As in the present embodiment, when liquid hydrogen is regasified into gaseous hydrogen at a hydrogen filling station, by recovering the regasified cold heat using air, it is possible to save enormous energy required for liquefying air and utilize liquid air as an energy storage means. can

An air check valve 205 may be provided between the heat exchanger 104 and the liquefied air tank 206 so that liquefied air does not flow backward from the liquefied air tank 206 to the heat exchanger 104 .

The heat exchanger 104 of this embodiment, as a main cryogenic heat exchanger (MCHE), should have high heat transfer effectiveness and be protected from thermal shock caused by high pressure, low temperature and rapid heat exchange. should be able

For example, the heat exchanger 104 of this embodiment may be a shell & plate type heat exchanger or a printed circuit heat exchanger (PCHE).

The air power generation unit of this embodiment generates power using liquefied air stored in the liquefied air tank 206 .

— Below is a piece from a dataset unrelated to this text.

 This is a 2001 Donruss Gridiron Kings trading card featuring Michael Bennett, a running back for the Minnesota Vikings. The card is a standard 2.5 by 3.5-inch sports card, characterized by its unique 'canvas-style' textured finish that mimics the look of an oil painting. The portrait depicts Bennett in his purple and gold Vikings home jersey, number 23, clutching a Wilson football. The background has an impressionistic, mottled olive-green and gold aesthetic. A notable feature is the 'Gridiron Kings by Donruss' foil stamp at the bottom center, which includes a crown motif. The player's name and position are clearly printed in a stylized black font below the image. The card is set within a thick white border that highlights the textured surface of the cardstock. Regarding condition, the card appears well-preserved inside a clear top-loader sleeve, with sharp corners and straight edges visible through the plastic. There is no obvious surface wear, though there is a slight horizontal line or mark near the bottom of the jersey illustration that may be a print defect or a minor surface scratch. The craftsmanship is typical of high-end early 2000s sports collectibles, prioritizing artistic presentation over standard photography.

The air generator includes a liquefied air pump 208 for compressing the liquefied air (S208, S209) discharged from the liquefied air tank 206, and air for vaporizing the liquefied air (S210) compressed by the liquefied air pump (208). The vaporizer 209, the heating means 210, 211, 212 for heating the re-vaporized air S211 vaporized by the air vaporizer 209, and the high temperature heated by the heating means 210, 211, 212 An air turbine 213 that expands the regasified air (S214) and a generator 701 mechanically connected to the air turbine 213 to convert the expansion work of the high-temperature regasified air, which is a working fluid, into electric power.

Between the liquefied air tank 206 and the liquefied air pump 208, an air flow control valve 207 for controlling the flow rate of liquefied air supplied from the liquefied air tank 206 to the liquefied air pump 208 may be provided. can

In the air vaporizer 209 of this embodiment, the liquid compressed air compressed by the liquefied air pump 208 (S210) and atmospheric air (S501) may be heat-exchanged to vaporize the liquid compressed air.

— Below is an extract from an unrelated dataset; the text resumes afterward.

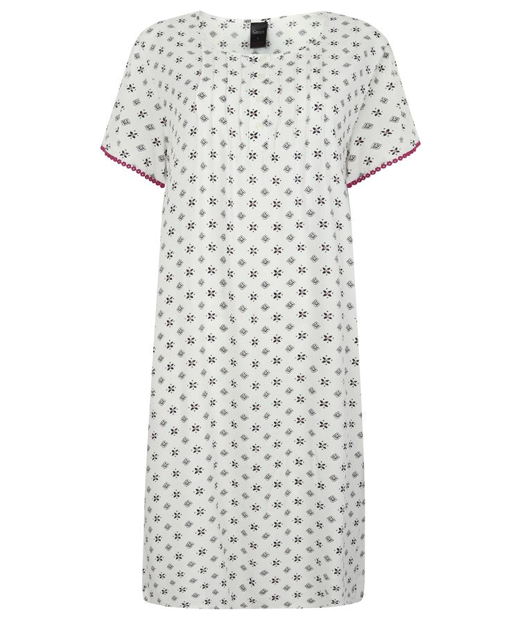 Gaspé Supersoft Geometric Print 42" Nightdress. Made from 100% viscose for a super soft feel, the nightdress is designed with a round neck and short sleeves for comfort. The garment has...

That is, the liquefied air can be heated to room temperature (about 288K) by heat exchange with air in the air in the air vaporizer 209 . That is, the liquefied air is vaporized by the air vaporizer 209, and the gaseous regasified air S211 may be supplied to the heating means.

According to the present embodiment, the heating unit heats the regasified air to be supplied to the air turbine 213 through several stages, including at least one stage.

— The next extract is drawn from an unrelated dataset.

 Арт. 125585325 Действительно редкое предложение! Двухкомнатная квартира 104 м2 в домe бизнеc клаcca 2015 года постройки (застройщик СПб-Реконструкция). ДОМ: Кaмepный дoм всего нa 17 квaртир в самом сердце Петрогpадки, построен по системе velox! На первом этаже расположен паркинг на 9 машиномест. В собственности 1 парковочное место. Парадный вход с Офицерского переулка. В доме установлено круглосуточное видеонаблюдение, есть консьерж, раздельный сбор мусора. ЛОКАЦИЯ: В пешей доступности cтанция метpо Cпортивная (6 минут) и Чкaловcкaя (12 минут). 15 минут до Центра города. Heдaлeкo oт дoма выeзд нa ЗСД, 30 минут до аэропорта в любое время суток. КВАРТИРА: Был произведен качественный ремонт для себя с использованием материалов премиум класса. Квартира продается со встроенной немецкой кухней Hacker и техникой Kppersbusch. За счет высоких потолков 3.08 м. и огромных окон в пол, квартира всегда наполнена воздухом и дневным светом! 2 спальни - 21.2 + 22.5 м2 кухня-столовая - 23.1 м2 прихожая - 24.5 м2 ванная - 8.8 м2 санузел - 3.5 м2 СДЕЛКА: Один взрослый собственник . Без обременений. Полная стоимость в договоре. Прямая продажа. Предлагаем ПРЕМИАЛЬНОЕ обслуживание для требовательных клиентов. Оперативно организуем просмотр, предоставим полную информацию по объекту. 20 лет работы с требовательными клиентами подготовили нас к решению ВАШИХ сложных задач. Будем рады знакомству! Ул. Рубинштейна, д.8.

The higher the temperature of the working fluid supplied to the air turbine 213, the higher the amount of energy that can be obtained by the air turbine 213. That is, a larger amount of power can be obtained.

The heating unit of this embodiment may heat the re-vaporized air in three steps, including the air heater 210, the first heat storage facility 211, and the second heat storage facility 212.

The air heater 210 heats the regasified air to a first temperature (medium temperature), and the first heat storage facility 211 converts the regasified air heated by the air heater 210 to a second temperature ( medium high temperature), and the second heat storage facility 212 may heat the regasified air at the second temperature heated by the first heat storage facility 211 to a third temperature (high temperature).

In this embodiment, the first temperature is higher than room temperature, the second temperature is higher than the first temperature, and the third temperature is higher than the second temperature.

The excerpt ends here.